# new to haunting



## paja4 (Oct 4, 2009)

Hello everyone,
I'm new to this haunting, I'm located in Brocton, MA and have always been intrigued by Halloween and hauntings. Now that I have two daughters that are a little bit older, I'd like to give this wonderful hobby a try. Thanks for having a dedicated sit for all of us to learn and showcase on.


----------



## RoxyBlue (Oct 6, 2008)

Welcome to the Forum, paja!


----------



## Bone Dancer (Oct 7, 2005)

Greetings an welcome Paja, you have found a really nice place. I always like to suggest that if you havent seen the monster list of projects to check it out.

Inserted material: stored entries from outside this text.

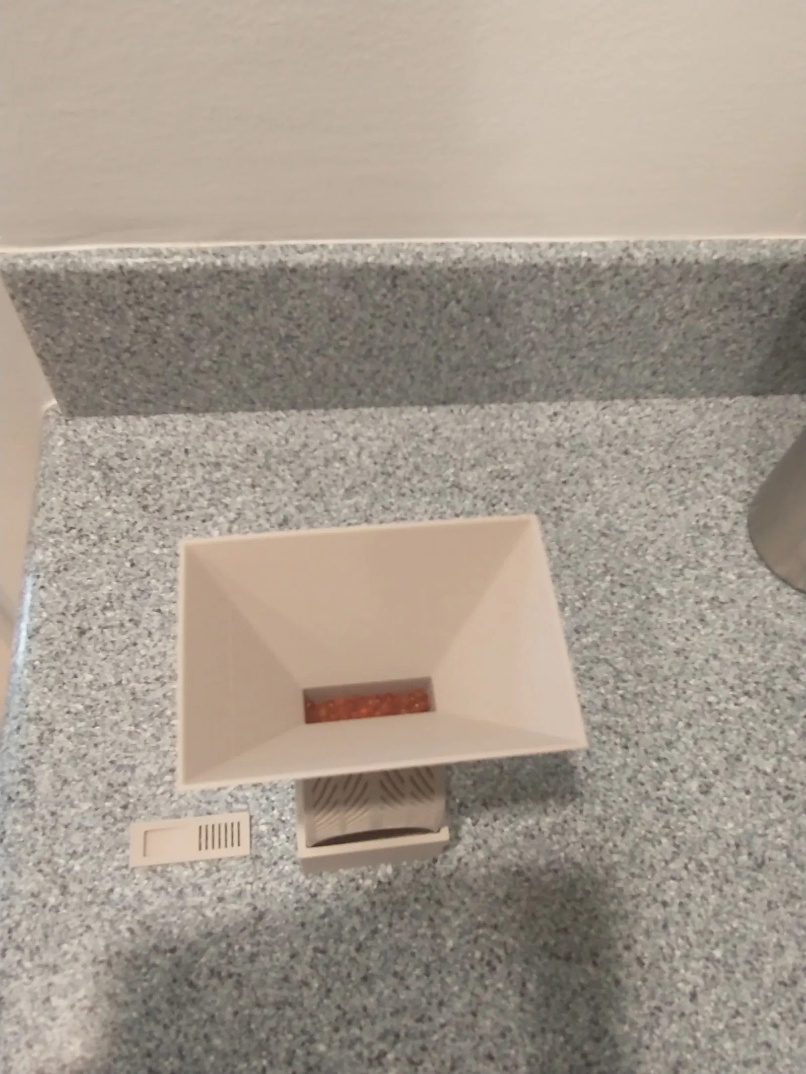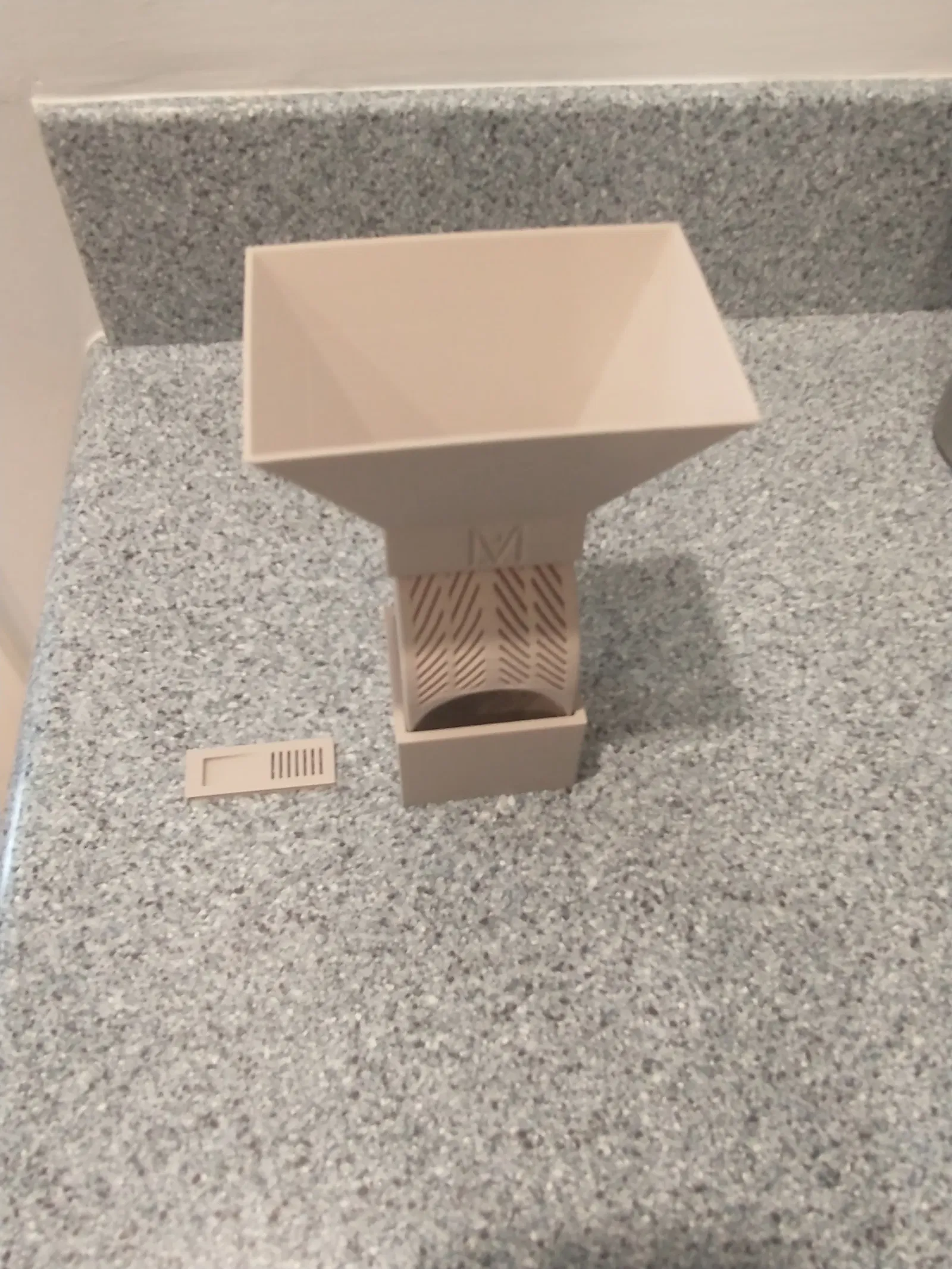 Bộ đế giữ và phễu giúp bạn dễ dàng đổ chất hút ẩm vào hộp chống ẩm khô mà không sợ bị đổ. Phần đế giữ còn giúp hộp đứng vững hơn. Phễu được thiết kế để trượt khít vào miệng hộp, việc in ấn cũng khá đơn giản, không cần support.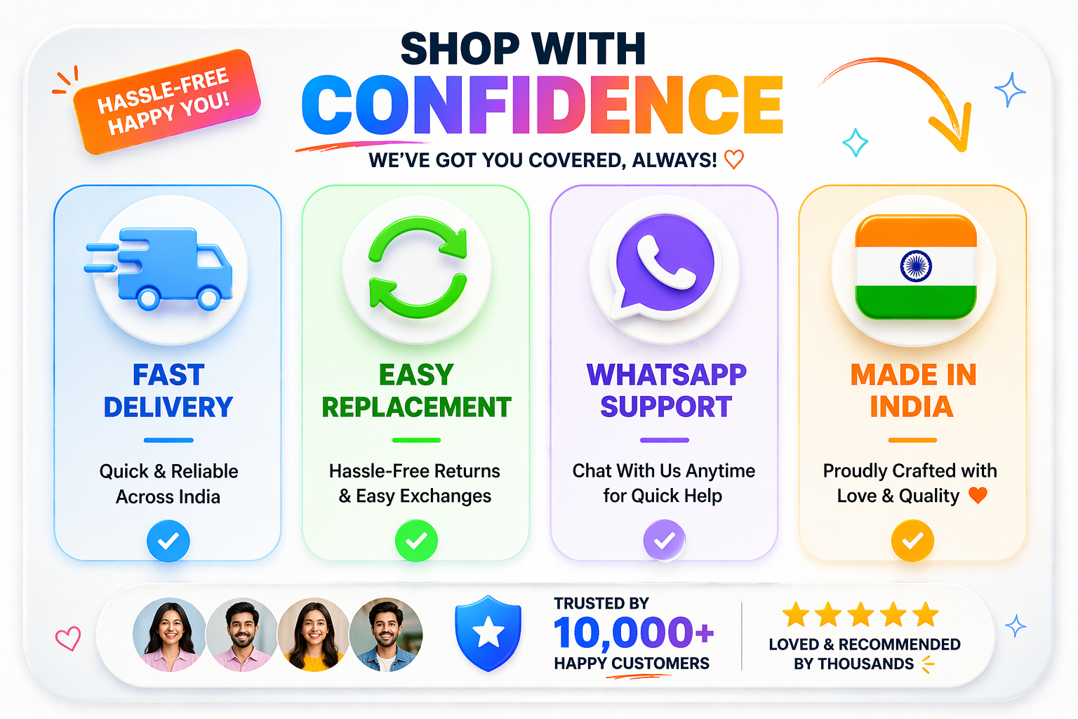 We use premium, durable materials with superfine finishing to ensure every product looks elegant, lasts long, and feels truly special.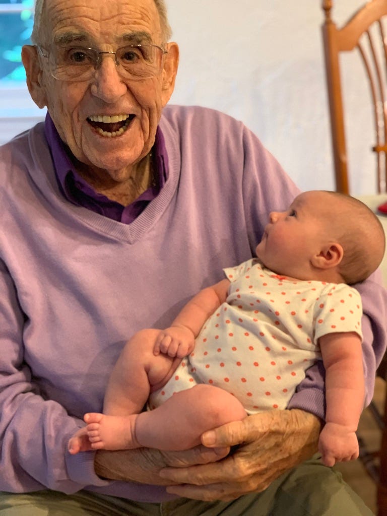 Here’s a picture of him meeting my daughter (his great granddaughter) last summer.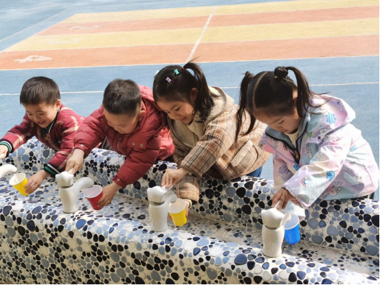 在我們幼兒園里,哪些地方能用到水呢?為此,小班的小朋友們展開了一場“水滴蹤跡大探索”,找一找,水寶寶存在幼兒園哪些地方?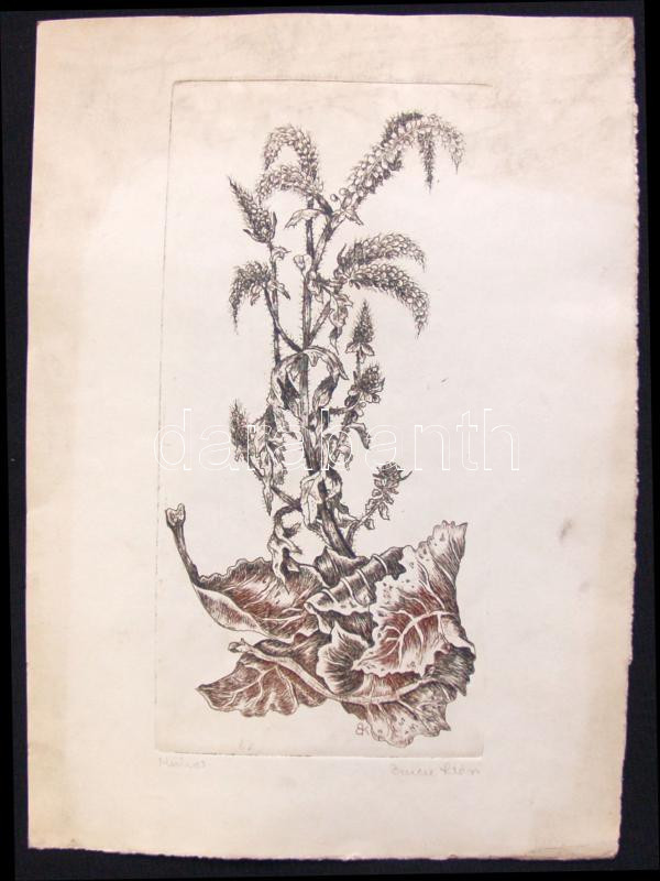 Bencze Klári (1925): Muhar, rézkarc, papír, 24×12 cm

http://www.halloweenmonsterlist.info/


----------



## IMU (Apr 8, 2009)

Hello and Welcome!


----------



## Spooky1 (Aug 25, 2008)

Welcome Paja


----------



## The Creepster (Sep 18, 2009)

hey


----------



## spideranne (Jul 17, 2006)

Welcome!


----------



## sharpobject (May 7, 2008)

Hi and welcome !!!


----------



## Spookineer (Aug 20, 2006)

Welcome to the party!


----------



## paja4 (Oct 4, 2009)

Thanks for the kind welcome and the projects link, Paul


----------



## hpropman (Jul 27, 2008)

hello and welcome


----------



## Vlad (Aug 2, 2005)

Welcome, are the kids into it yet?


----------



## Spooklights (Jul 4, 2006)

Hi, and welcome!


----------



## FirstSpartan (Oct 4, 2009)

Hi Hi, Halloween is getting closer and nice to meetcha!


----------



## scareme (Aug 29, 2006)

Hi and welcome to the forum. With little kids you are probably going cute, aren't you? I started cute, went scarey, and now I'm kind of looking into vintage. I like changing it up a bit.


----------



## Frighteners Entertainment (Jan 24, 2006)

Glad to have you here.


----------



## paja4 (Oct 4, 2009)

Thanks for all the kind welcomes, I bought a cute little ghost for my daughters that's motion activated and flies back and forth on a 25 foot cord, as dumb as it is it's kind of neat. I'm not going to really do too much this year, but for next year you'll all see my creations.


----------